### YOUR ASSIGNMENT
Print exactly, and only, the lines from the one that has "Hra Lotto pomáhá" through the end of the material below, with both ends included and the pictures omitted.

### INFORMATION PROVIDED
-------

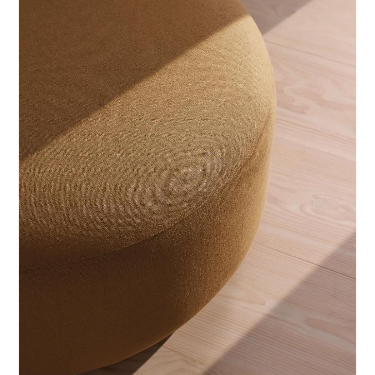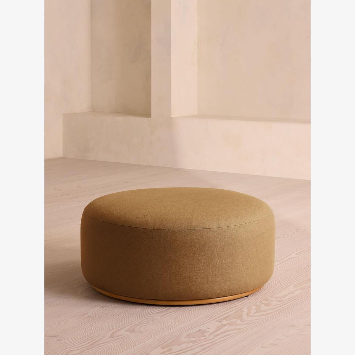 A large, curved silhouette upholstered in linen is spacious enough to let guests put their feet up, or provide extra seating in social spaces. The curved silhouette of the Aline ottoman is wrapped in linen in a range of bespoke colours to mirror the social seating areas seen in Soho House Stockholm.
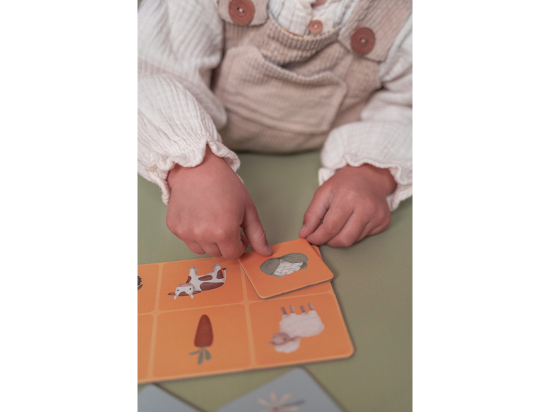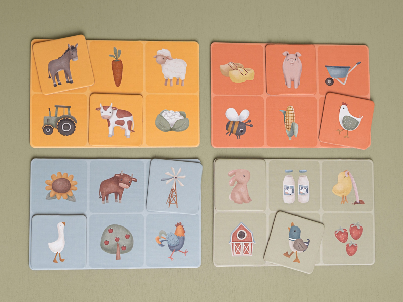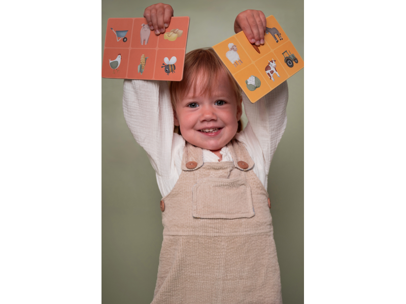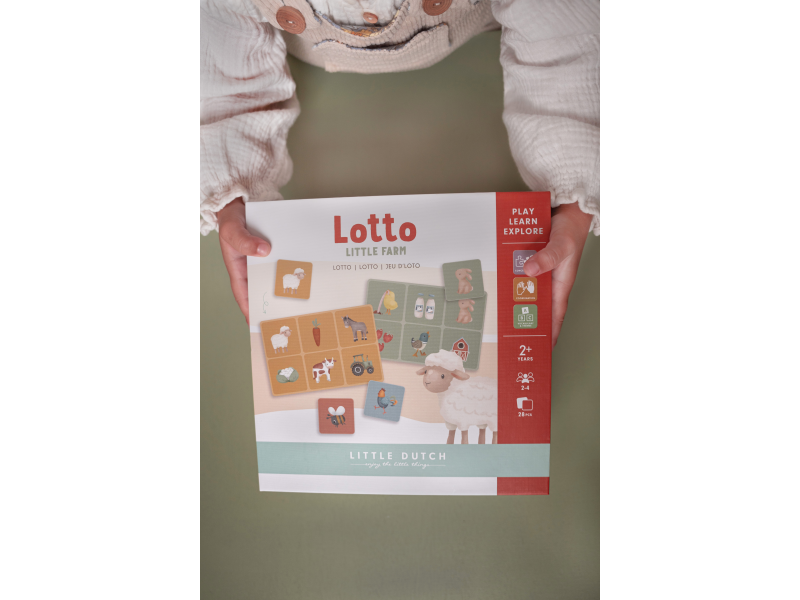 Hra Lotto pomáhá dítěti naučit se soustředit se a stimulovat sociální dovednosti. Hra je určena pro 2 až 4 hráče. Obsahuje čtyři desky s motivy ze života na farmě. Otočte kartičku a zkontrolujte, zda je na vaší desce. Hru vyhrává ten, kdo první najde všechny obrázky na své desce.
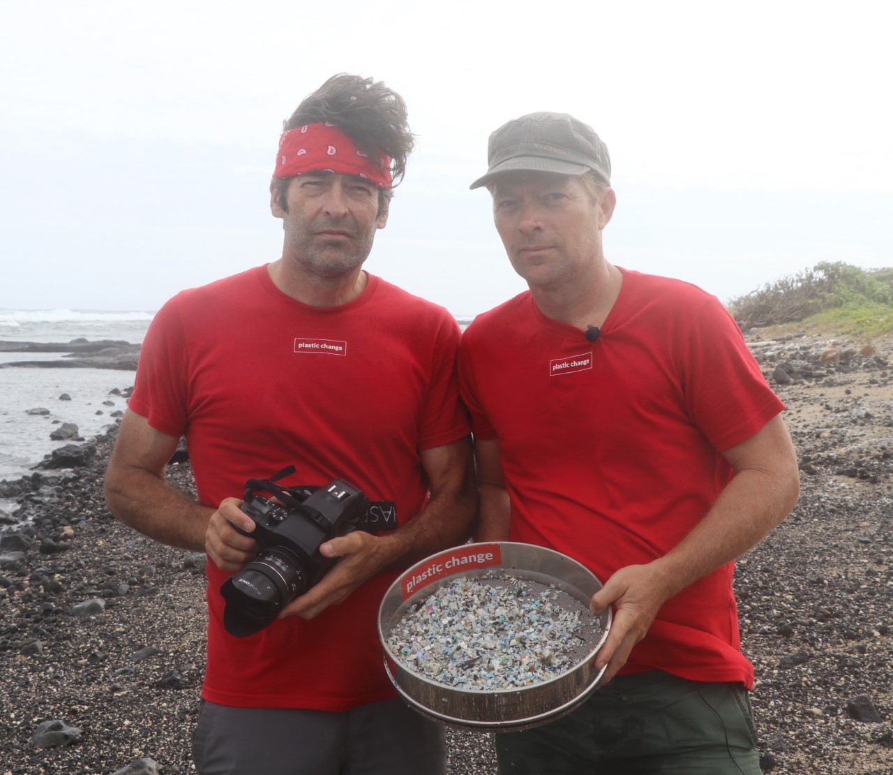 Chris Jordan with marine biologist Henrik Beha Pedersen, founder of the environment organization Plastic Change, at Kamilo Beach, Hawaii in 2016 (photo courtesy of Chris Jordan)

-------

### EXERCISE RESPONSE
 Hra Lotto pomáhá dítěti naučit se soustředit se a stimulovat sociální dovednosti. Hra je určena pro 2 až 4 hráče. Obsahuje čtyři desky s motivy ze života na farmě. Otočte kartičku a zkontrolujte, zda je na vaší desce. Hru vyhrává ten, kdo první najde všechny obrázky na své desce.
 Chris Jordan with marine biologist Henrik Beha Pedersen, founder of the environment organization Plastic Change, at Kamilo Beach, Hawaii in 2016 (photo courtesy of Chris Jordan)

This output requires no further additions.